The more limited responsibilities assigned the dtd group include the
development of an SGML Document Type Description suitable for the
encoding of data-archive code books or data dictionaries; the creation
of all the ancillary files and style sheets required to make the dtd
usable; the creation of all the documentation required by taggers,
presumptively with little or no knowledge of SGML, in interpreting
the dtd while tagging codebooks; and cooperation with programmers in
integrating the dtd and its attachments into larger systems. The dtd
should be suitable not only for tagging new codebooks but also for
retrospective conversion of old ones; it should apply not only to print
codebooks but also to digital-only documentation. It should be usable
not only by American and Canadian but also by international data
archives. And it should not only accommodate the extremely variable
structures of existing codebooks, but impose enough constraints to
promote increased consistency among future codebooks.
Objectives
The objectives of the group, though modified by experience, have in
general comprised the following:
- Interpret the code book document analyses produced by the ICPSR
committee and written by David Barber (Michigan), John Brandt
(Michigan), and Ann Green (Yale). Clarify obscurities in the analyses
through meetings and correspondence. Elicit the continuing input of
data specialists from ICPSR institutions regarding faults in the
analyses.
- Revise these analyses in the light of our own analyses of existing
code books, the experience of tagging them with interim versions of the dtd,
and the experience of translating the analyses into SGML.
- Translate the analyses into a valid SGML dtd, being careful both
to honor the intentions of the analyzers and to exercise a discretion
schooled in the options available under SGML.
- Learn enough SGML to make the previous step possible. Achieve a
conceptual grasp of the options available, both as regards document
analysis and as regards SGML implementation.

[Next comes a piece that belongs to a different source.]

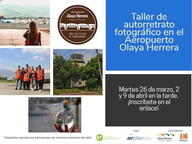 Desde Airplan te invitamos a participar en el taller especial de autorretrato fotográfico en el Aeropuerto Olaya Herrera, Bien de Interés Cultural. Se tratará de tres sesiones en las que compartiremos sobre los diferentes modos de autorretrato que son posibles, reinterpretaremos fotografías antiguas y haremos un recorrido especial por las instalaciones.

- Map out and implement a practical procedure or work-flow management
scheme.
- Document the procedure and the process so that every decision and
every declaration remains transparent both among ourselves and to later
users.
- Determine the extent to which TEI (or EAD or MARC) SGML elements,
sections, entities, etc., may be borrowed for describing codebooks.
Should it prove feasible, incorporate CodeBook.dtd within TEI itself,
with the prospect of having it eventually accepted as a TEI module in
future releases of TEI.
- Tag sample codebooks for demonstration, tutorial, and experimental
purposes: to determine if the dtd is adequate, to show that it is (in
the face of informed experience), and to teach taggers how to implement
the dtd.
- Write a Panorama style sheet so that the samples can be
displayed.
- Create visual displays of the dtd hierarchy using Near and Far or
Near and Far Lite.
- Work with programmers to create scripts that will search the tagged
codebooks via a CGI call, and generate SGML and SGML-filtered-to-HTML
output online.
- Create full user documentation.
Progress to Date
A good start has been made on these objectives, but only that.
- Interpretation. The analyses have been interpreted.
Changes continue to be made both in the analyses and in the
interpreations through (frequent) correspondence, chiefly from Ann
Green at Yale, and (rare) meetings of the ICPSR Committee. Obscurities
nevertheless
remain, most of the annotated as such within the dtd, but some
probably unrealized and unacknowledged.
- Revision. Some minimal revision (or at least loose
interpretation) of the analyses appears in the dtd, but more the result
of general considerations of logic and flexibility than of specific
experiences with non-compliant codebooks. We have only just begun to
compare the dtd with codebooks. The revisions that have been made
in the course of translation, though thoroughly annotated in the dtd,
have not made their way back in to the analyses, since there is little
provision in our working procedures for changes flowing (as it were)
backward. There should be.
- Translation. As of last night, a "complete" dtd has
been created, complete in that every element has been declared, supplied
with a content model, and equipped with an attributes list--and every
piece of the document analyses has been represented in the dtd. More
recent changes in the analyses have yet to be incorporated, the
resultant version has yet to be converted to a TEI-compliant modular
form, and it has yet to parse. But the basic translation has been
done.
- Learning SGML. I for one am much more confident
with SGML/dtd basics than I was two months ago, and the process has certainly been
a genuine learning experience for all concerned. Whether our conceptual
grasp is adequate to the task has yet to be determined.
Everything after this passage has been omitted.